▸ Exercise details: In the entries below, begin at the line that has "KONTE.DESIGN Poltrona HAVANA", stop after the line that has "Das Motiv wird", and output those lines exactly with no pictures.

▸ Entries supplied:
------------------------------------------------------------------------

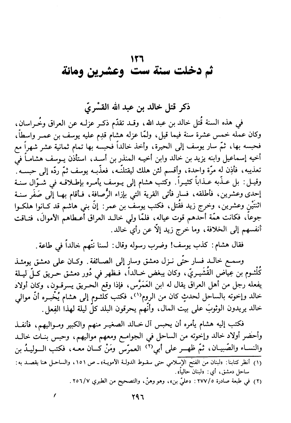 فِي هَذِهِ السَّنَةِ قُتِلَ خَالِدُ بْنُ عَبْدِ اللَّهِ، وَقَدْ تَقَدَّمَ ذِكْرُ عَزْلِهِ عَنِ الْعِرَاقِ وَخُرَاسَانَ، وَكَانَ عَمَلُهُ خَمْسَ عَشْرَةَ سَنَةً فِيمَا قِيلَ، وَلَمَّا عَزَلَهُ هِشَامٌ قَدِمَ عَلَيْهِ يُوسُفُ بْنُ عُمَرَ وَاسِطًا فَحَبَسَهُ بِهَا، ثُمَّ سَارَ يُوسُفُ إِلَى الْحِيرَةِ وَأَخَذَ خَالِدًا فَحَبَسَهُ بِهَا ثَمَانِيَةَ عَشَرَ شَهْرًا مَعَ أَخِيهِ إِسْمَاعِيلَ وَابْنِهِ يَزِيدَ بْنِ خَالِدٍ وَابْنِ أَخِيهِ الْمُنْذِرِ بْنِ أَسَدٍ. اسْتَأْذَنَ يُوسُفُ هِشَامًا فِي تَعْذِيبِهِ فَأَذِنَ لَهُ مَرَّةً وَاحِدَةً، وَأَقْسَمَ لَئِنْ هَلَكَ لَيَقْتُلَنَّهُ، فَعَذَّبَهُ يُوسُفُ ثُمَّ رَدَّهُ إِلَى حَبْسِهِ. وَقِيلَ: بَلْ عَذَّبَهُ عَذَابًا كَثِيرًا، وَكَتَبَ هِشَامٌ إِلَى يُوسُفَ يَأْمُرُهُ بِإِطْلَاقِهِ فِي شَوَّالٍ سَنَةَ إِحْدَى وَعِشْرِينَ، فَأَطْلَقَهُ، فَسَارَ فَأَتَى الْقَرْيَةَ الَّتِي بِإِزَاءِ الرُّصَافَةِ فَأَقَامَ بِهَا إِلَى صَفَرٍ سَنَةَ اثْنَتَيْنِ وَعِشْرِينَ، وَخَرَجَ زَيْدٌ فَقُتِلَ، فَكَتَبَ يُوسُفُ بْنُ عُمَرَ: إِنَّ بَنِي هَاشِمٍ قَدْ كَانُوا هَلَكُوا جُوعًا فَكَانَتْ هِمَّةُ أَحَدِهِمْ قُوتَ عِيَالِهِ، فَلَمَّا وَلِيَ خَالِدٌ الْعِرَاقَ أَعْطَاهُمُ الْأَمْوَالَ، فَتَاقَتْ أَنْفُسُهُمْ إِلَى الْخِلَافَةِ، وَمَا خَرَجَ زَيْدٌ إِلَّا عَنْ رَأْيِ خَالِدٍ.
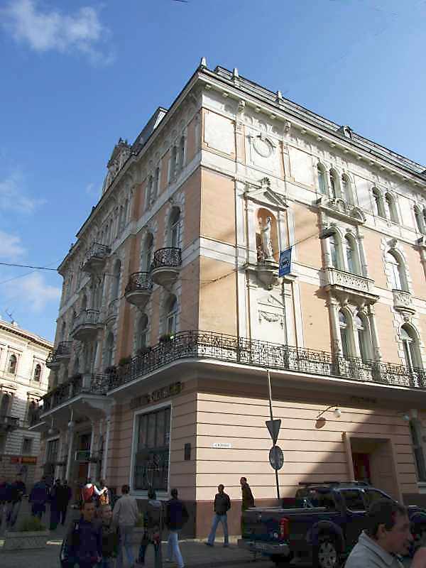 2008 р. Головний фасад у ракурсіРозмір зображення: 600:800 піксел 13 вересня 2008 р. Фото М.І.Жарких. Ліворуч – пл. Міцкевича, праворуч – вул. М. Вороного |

------------------------------------------------------------------------

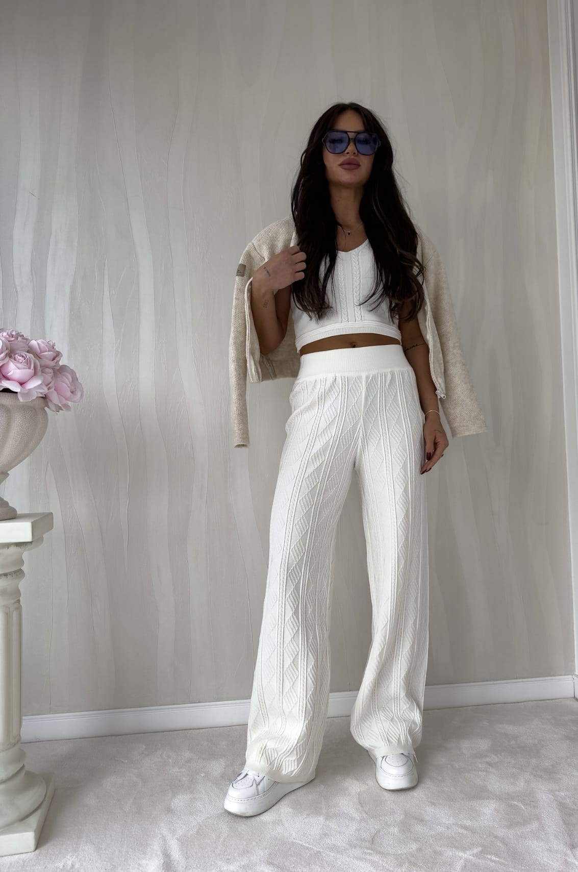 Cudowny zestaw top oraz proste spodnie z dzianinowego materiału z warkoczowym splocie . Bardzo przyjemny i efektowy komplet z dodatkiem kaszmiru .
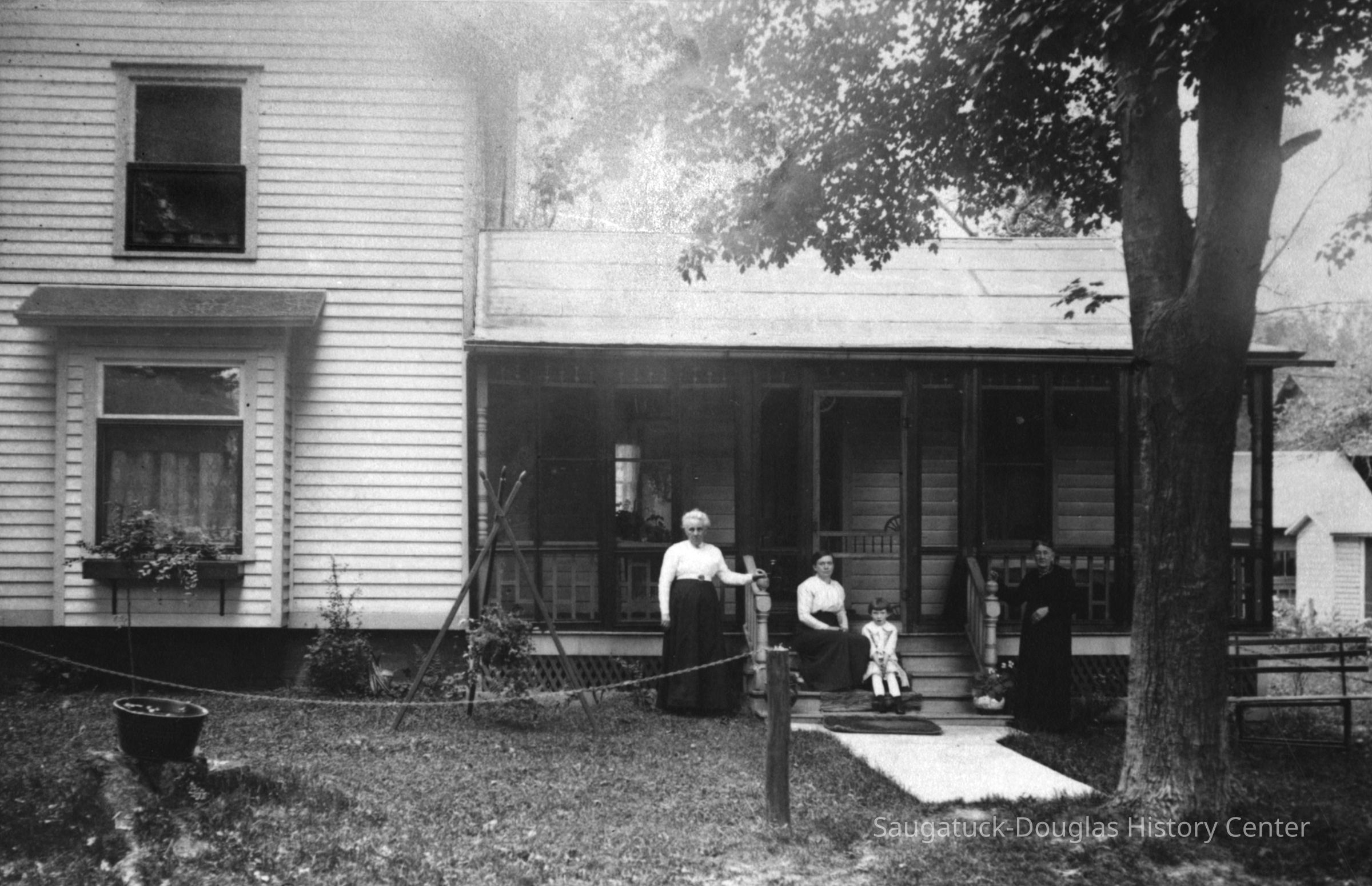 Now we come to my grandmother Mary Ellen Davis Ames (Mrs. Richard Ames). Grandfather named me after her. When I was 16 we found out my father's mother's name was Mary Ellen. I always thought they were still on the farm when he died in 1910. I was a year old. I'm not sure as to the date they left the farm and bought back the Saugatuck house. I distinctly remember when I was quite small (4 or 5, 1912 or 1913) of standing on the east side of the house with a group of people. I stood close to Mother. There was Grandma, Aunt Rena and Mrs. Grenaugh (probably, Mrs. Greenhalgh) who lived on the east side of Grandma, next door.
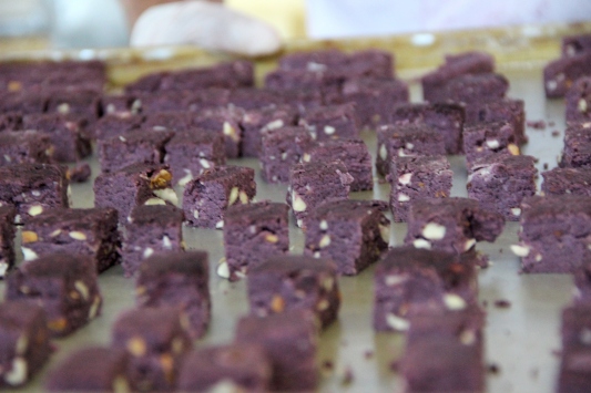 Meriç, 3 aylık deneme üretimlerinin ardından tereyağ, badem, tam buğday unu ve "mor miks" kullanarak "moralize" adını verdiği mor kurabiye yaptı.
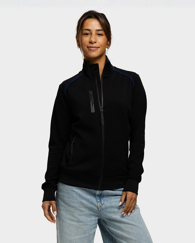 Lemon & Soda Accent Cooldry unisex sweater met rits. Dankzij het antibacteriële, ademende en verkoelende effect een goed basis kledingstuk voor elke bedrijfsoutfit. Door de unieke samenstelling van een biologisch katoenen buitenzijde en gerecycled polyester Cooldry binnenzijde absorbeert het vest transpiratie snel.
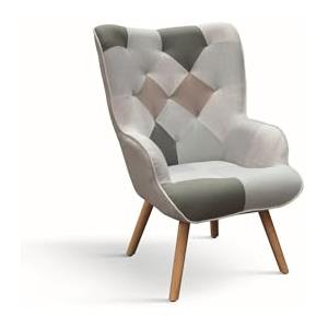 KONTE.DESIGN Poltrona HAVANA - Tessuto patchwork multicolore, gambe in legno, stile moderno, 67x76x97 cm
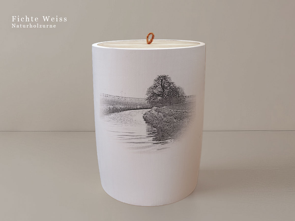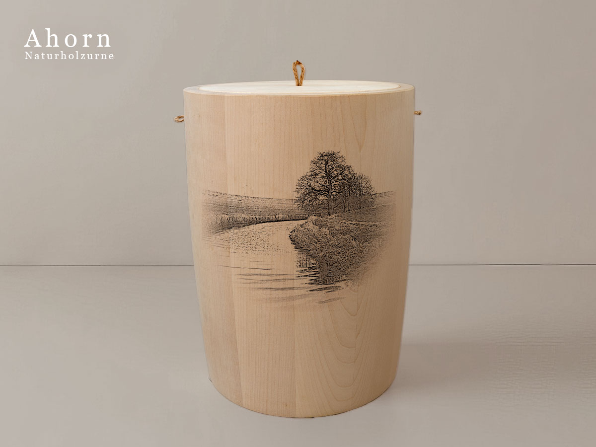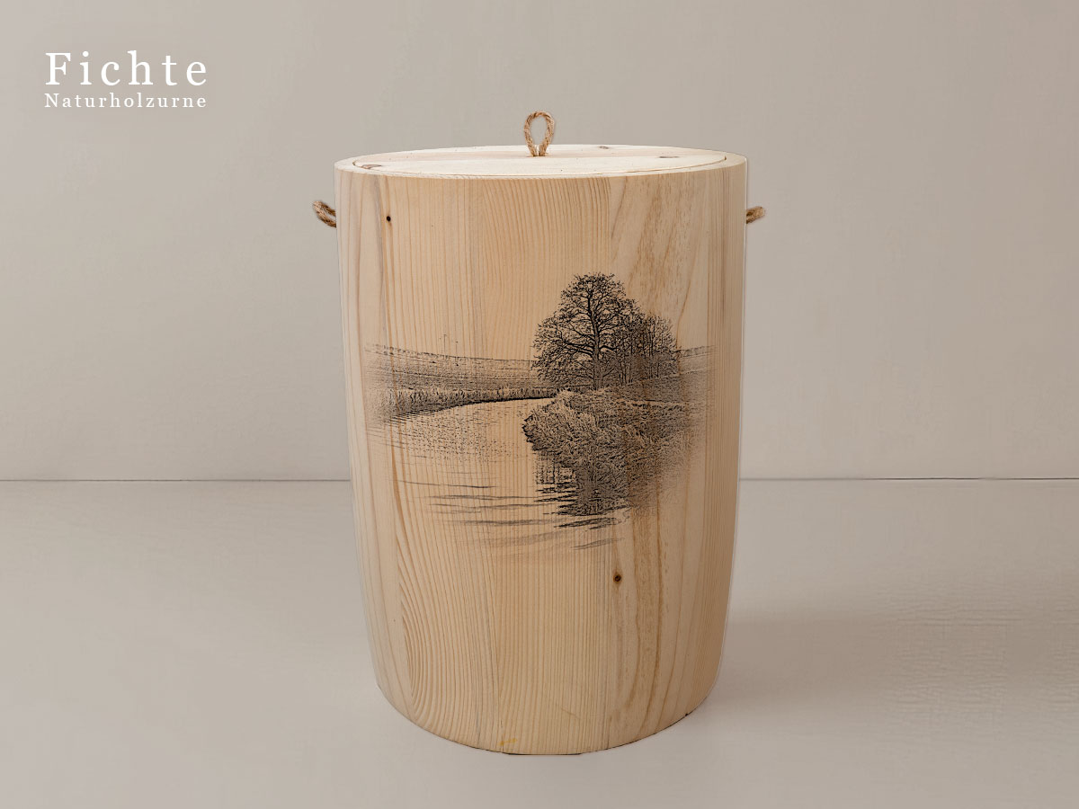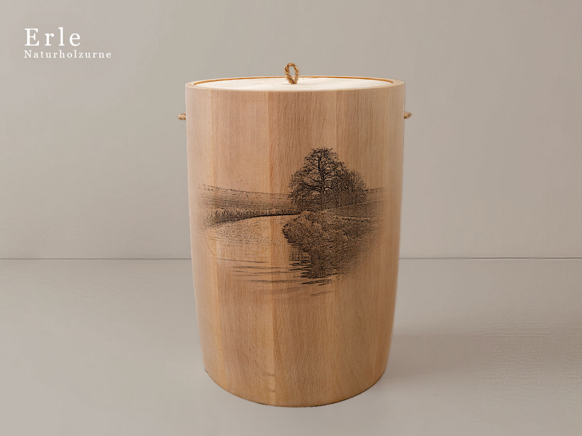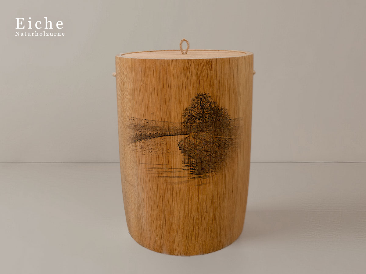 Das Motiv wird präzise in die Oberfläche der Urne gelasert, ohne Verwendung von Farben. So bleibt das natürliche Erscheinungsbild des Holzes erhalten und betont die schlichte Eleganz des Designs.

------------------------------------------------------------------------

▸ Written solution:
 KONTE.DESIGN Poltrona HAVANA - Tessuto patchwork multicolore, gambe in legno, stile moderno, 67x76x97 cm
 Das Motiv wird präzise in die Oberfläche der Urne gelasert, ohne Verwendung von Farben. So bleibt das natürliche Erscheinungsbild des Holzes erhalten und betont die schlichte Eleganz des Designs.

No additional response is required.